My son has been alternatively-schooled and unschooled 11 years, and in public school for not quite one year. He was in a non-traditional daycare and kindergarten (Waldorf-inspired and Waldorf-proper) for the first six years, then in a charter school for five years that emphasized community responsibility, consensus building, theme-driven multi-year curriculum and individual responsibility.

The one lead teacher he had for the last three years of the charter school was, as it turned out, NOT a good fit for him in that last year, though I didn’t see it at the time (so much other stuff going on). I know better now. My son is what he is, and needs the kind of learning environment that he needs, and a teacher who does not make reasonable accommodations IN A SMALL CHARTER SCHOOL is a bad thing.

We unschooled for six months, exploring together what he wanted to learn, but mostly decompressing from that bad teacher. Last October, I enrolled him in a public school in a move that startled me but seemed to be the right thing at the time. The decision was twofold: as his main educator, I was failing him. I couldn’t find the right combination of approach, topic, method or structure that suited him (including NONE), motivated him. Some dedicated home educators said that I didn’t give him enough time. But the need for change was immediate. And thus as his parent also, I was failing him.

However, when I thought about more and more and more structure, I realized that I did NOT want to replicate school at home. I had a job to attend to, and as flexible as working from home is, it does require one to actually work. The much-ballyhooed “working alongside each other” was not working for us, and having me as the teacher and parent was confusing and stressful for the lad.

Unschooling was not working (at least not fast enough for my son’s well-being); I did not want to do “school-at-home” (even brief attempts at workbooks and lesson plans were met with tears and anxiety). So, why not share the responsibility with others to be the teachers? Oh, hey, there is a system for that. It’s called “school.”

I wanted to see how he would respond in addition to seeing how he would do when pitted against the mainstream school of thought, standardized testing and all that rot. Sixth grade was an ideal place for that to happen because, in reality, sixth grade is pivotal developmentally but not academically. It was a great learning lab for all sorts of reasons. If it didn’t work out, then we could also go back to Plan A, or move on to Plan C, D, E, F…

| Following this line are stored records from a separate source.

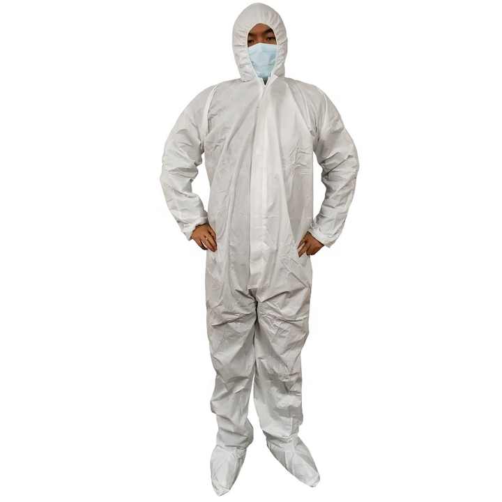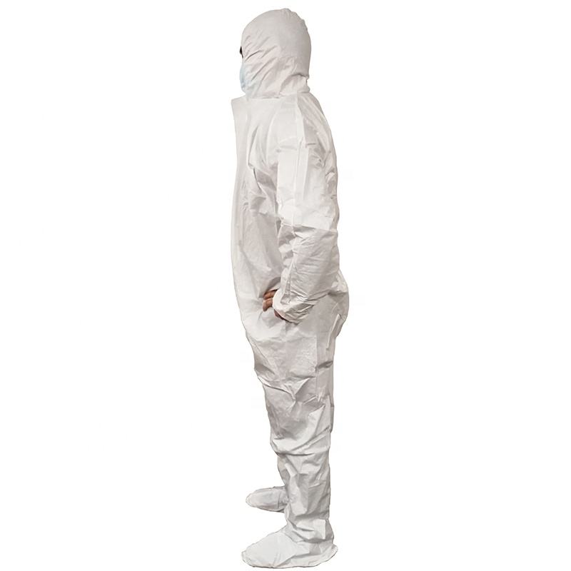 ชุดป้องกันสารเคมีแบบใช้แล้วทิ้ง กันน้ำ ผลิตจากผ้าไม่ถักทอ สีขาว สำหรับการแพทย์ มาตรฐาน EN 14126
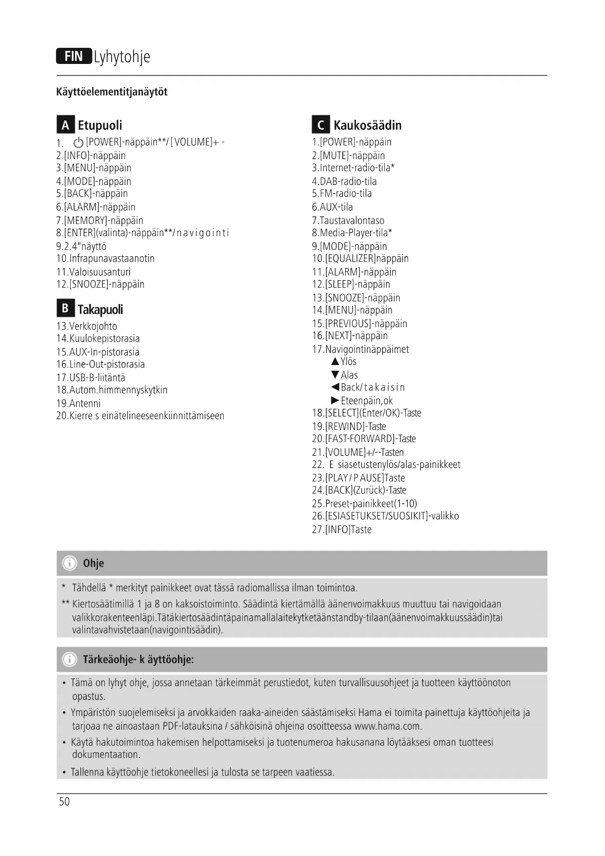 Ohje *Tähdellä *merkityt painikkeet ovat tässä radiomallissa ilman toimintoa. ** Kiertosäätimillä 1ja8on kaksoistoiminto. Säädintä kiertämällä äänenvoimakkuus muuttuu tai navigoidaan valikkorakenteen läpi. Tätä kiertosäädintä painamalla laite kytketään standby-tilaan (äänenvoimakkuussäädin) tai valinta vahvistetaan (navigointisäädin). Tärkeä ohje -käyttöohje:
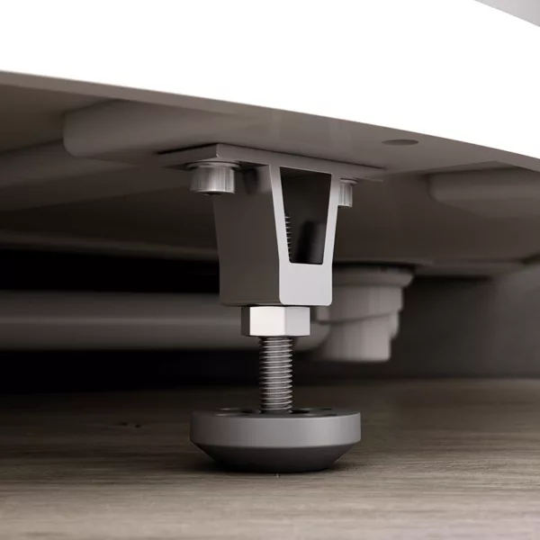 Receveur et toit en composite minéral Roulettes de porte doubles sur roulements Flexible d’évacuation diamètre 40 mm Bonde extra-plate et vidange Pieds du receveur réglables en hauteur Sonde de température |
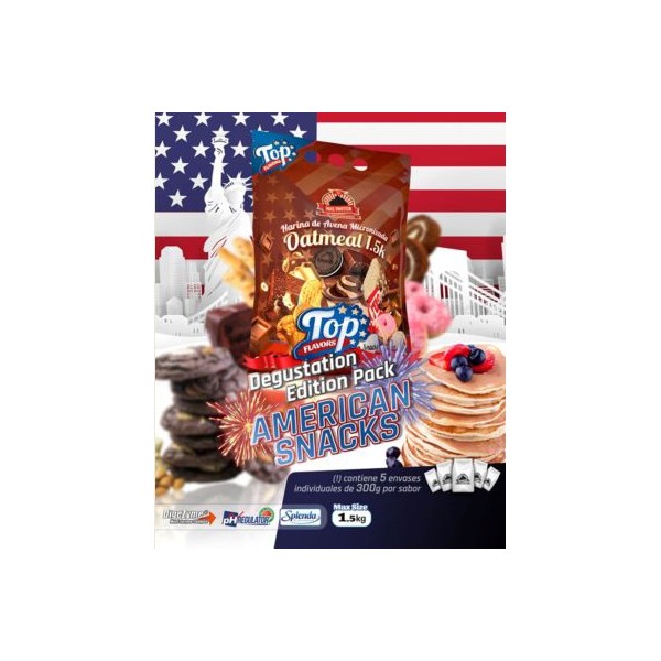 Oatmeal Top Flavors Degustación American Snacks de la línea Max Protein de Universal McGregror son las conocidas harinas de avena micronizada con los mejores sabores en un pack que incluye 5 bolsas individuales de 300 gramos con los sabores White BigChoc, BigCrac, Pink Cake, Biggers y BoomBig.
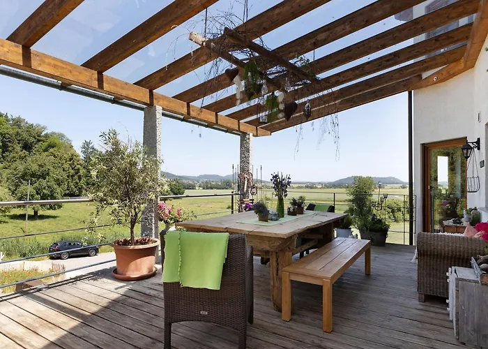 Die 2-Zimmer- Villa Almschlössle Randegg liegt in einer Entfernung von 4 km vom Morgetshofsee und verfügt über eine Terrasse mit Blick auf die Berge.
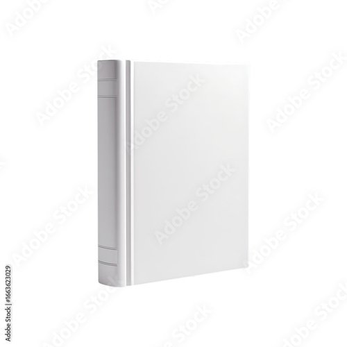 Blank white hardcover book standing upright isolated on transparent background
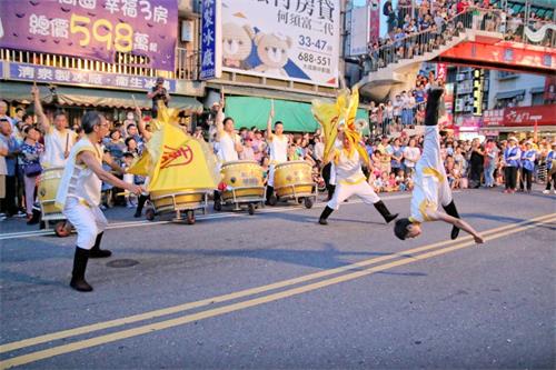 华灯初上时,游行展开,抽中第七队出场的新!唐!人:台湾旗鼓队,震撼的鼓声,搭配威风凛凛挥舞的大旗及身手矫健的翻腾,吸引了众人的目光,并响起如雷的掌声,连主持人都不禁赞叹演出者的身段深具中国古典舞的底蕴。
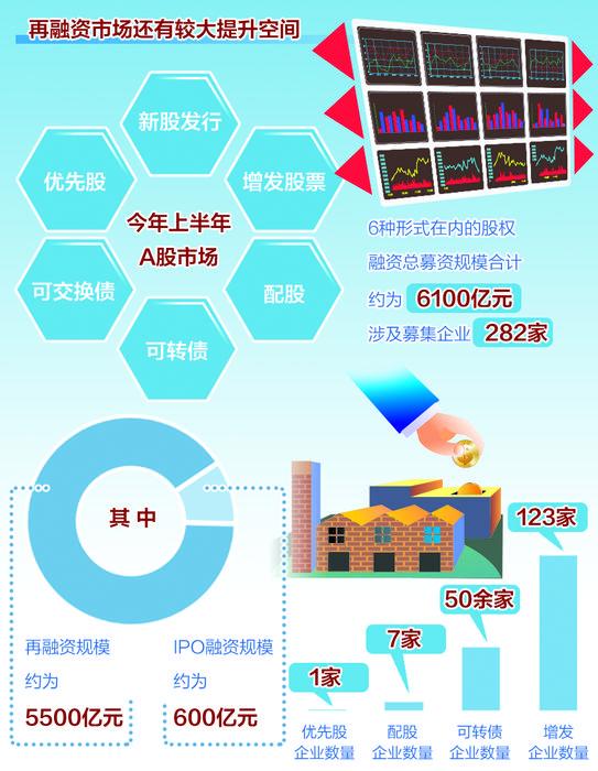 問題三:盡管與并購重組密切聯(lián)系的再融資市場也在回暖,但總體融資規(guī)模仍有很大潛力可挖。Wind資訊統(tǒng)計顯示,今年上半年,A股市場包含新股發(fā)行(IPO)、增發(fā)股票、配股、可轉(zhuǎn)債、可交換債、優(yōu)先股等6種形式在內(nèi)的股權(quán)融資總募資規(guī)模合計約為6100億元,涉及募集企業(yè)數(shù)量282家。其中,再融資規(guī)模約為5500億元,IPO融資規(guī)模約為600億元。增發(fā)企業(yè)數(shù)量有123家,配股企業(yè)數(shù)量有7家,優(yōu)先股企業(yè)數(shù)量有1家,可轉(zhuǎn)債企業(yè)數(shù)量有50余家。與龐大的銀行信貸規(guī)模相比,再融資市場規(guī)模還有較大提升空間。
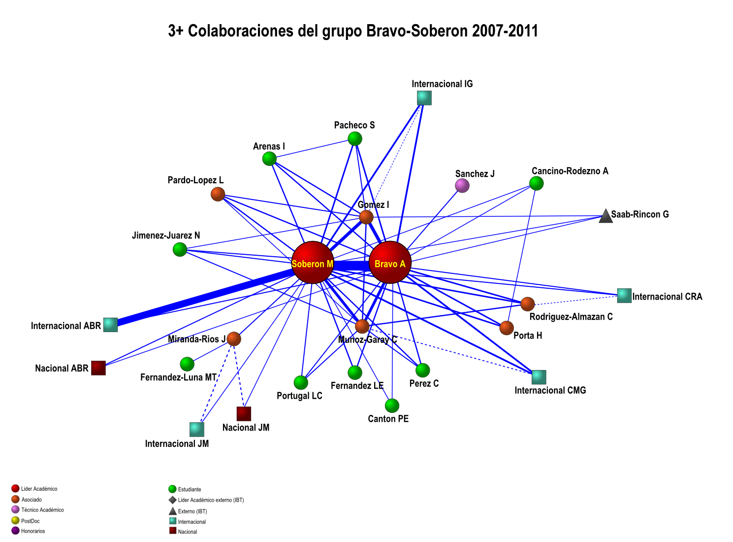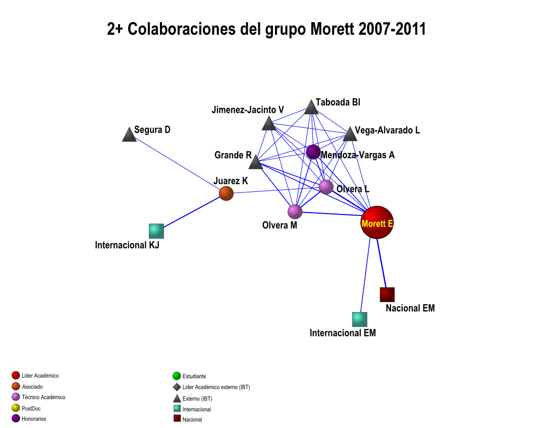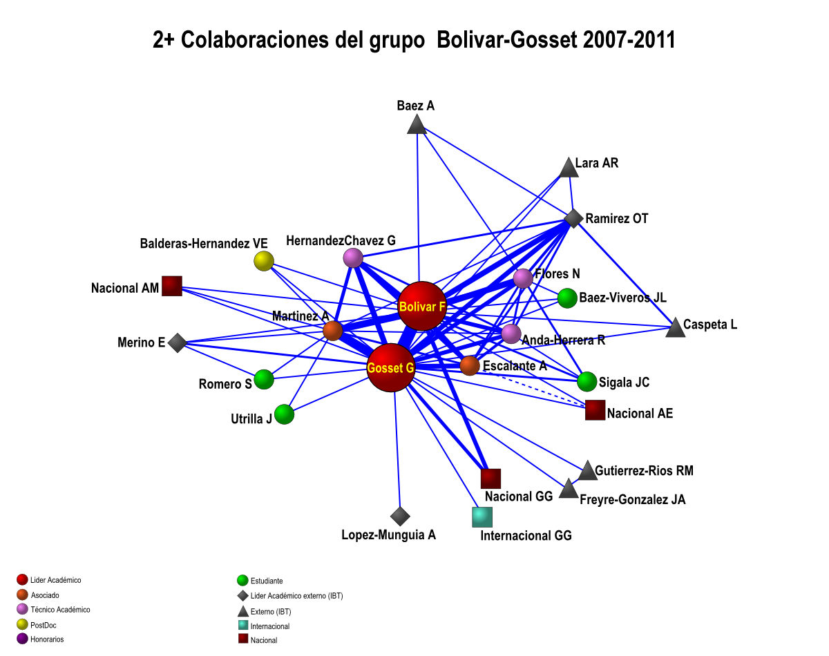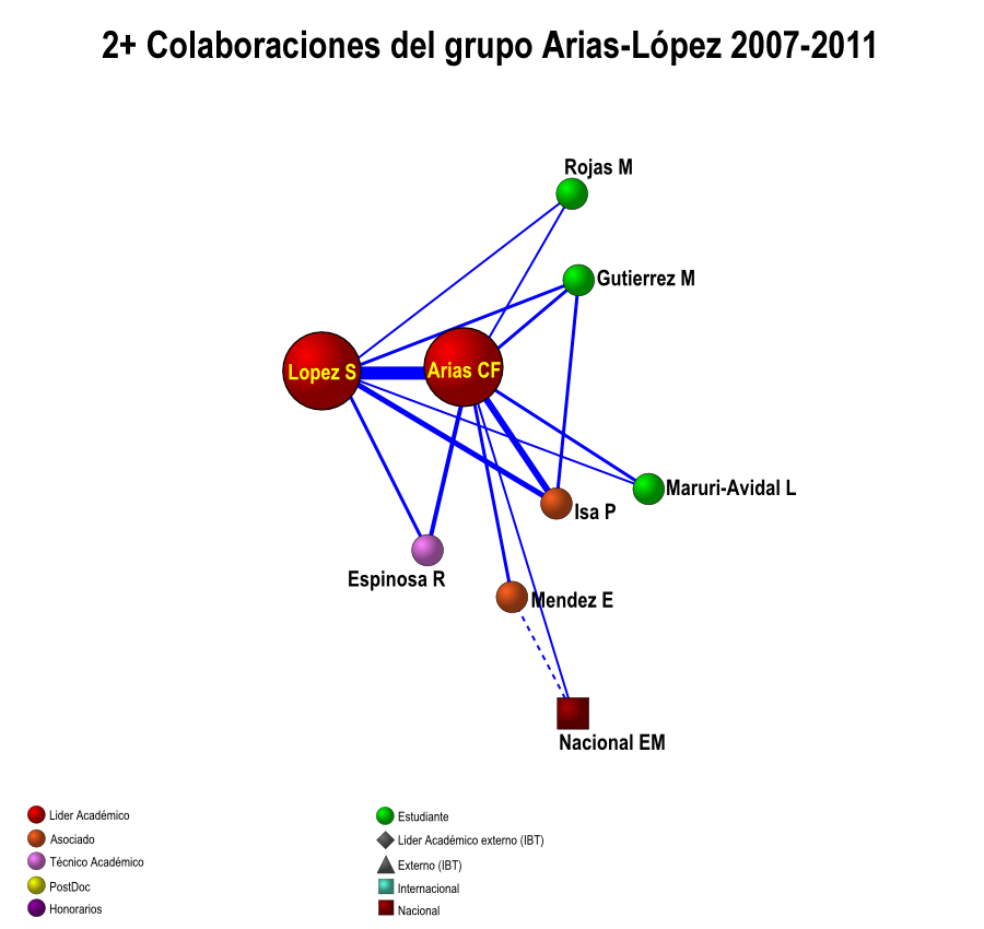 Colaboración interna de los grupos IBT-UNAM 2007-2011 (5 años)
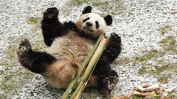 لحظه ذوقزدگی یک پاندا پس از بارش برف !+ تصاویر

Sixth grade worked out just fine. Not great, not awful. Just fine. As it should be. He got the full experience of social mores (public school really is a funny sort of island tribe!), teacher nonsense and teacher wonderfulness (esp. librarian wonderfulness!). He learned cool stuff in math and science, and has emerged as bright and skilled in most subjects (completely “meh” in mainstream art-teacher art). He has learned the game of homework completion and the consequences of not doing it and not caring about it. And because of the ungraded foundation he had in the non-traditional schools, he is not a little trick monkey working for The Grades. The numbers on his papers were like weather reports to him, and me, and we dressed and reacted accordingly.

And now we are moving on to seventh grade, and I’m going to take the same attitude: it will be a learning lab. We’ll see what works, and what doesn’t, and if it doesn’t work on a catastrophic level, then we have Plan C, D, E …

So anyone who says, “oh, I can’t imagine homeschooling,” “homeschooling is too hard,” “I bet you got sick of it” or “kids need to socialize with other kids” will get a polite smile from me. Ditto the folks (much more rarely) who say, “public school is evil,” “I would never do that to my child,” or “You’re caught up in the establishment, man!” They really have no clue what we were and are doing, and I don’t have time to fill them in. Join us in the journey and conversation, see all the shades and colors of learning, be a supporter and a partner. But heckling, however well-meaning, will be ignored.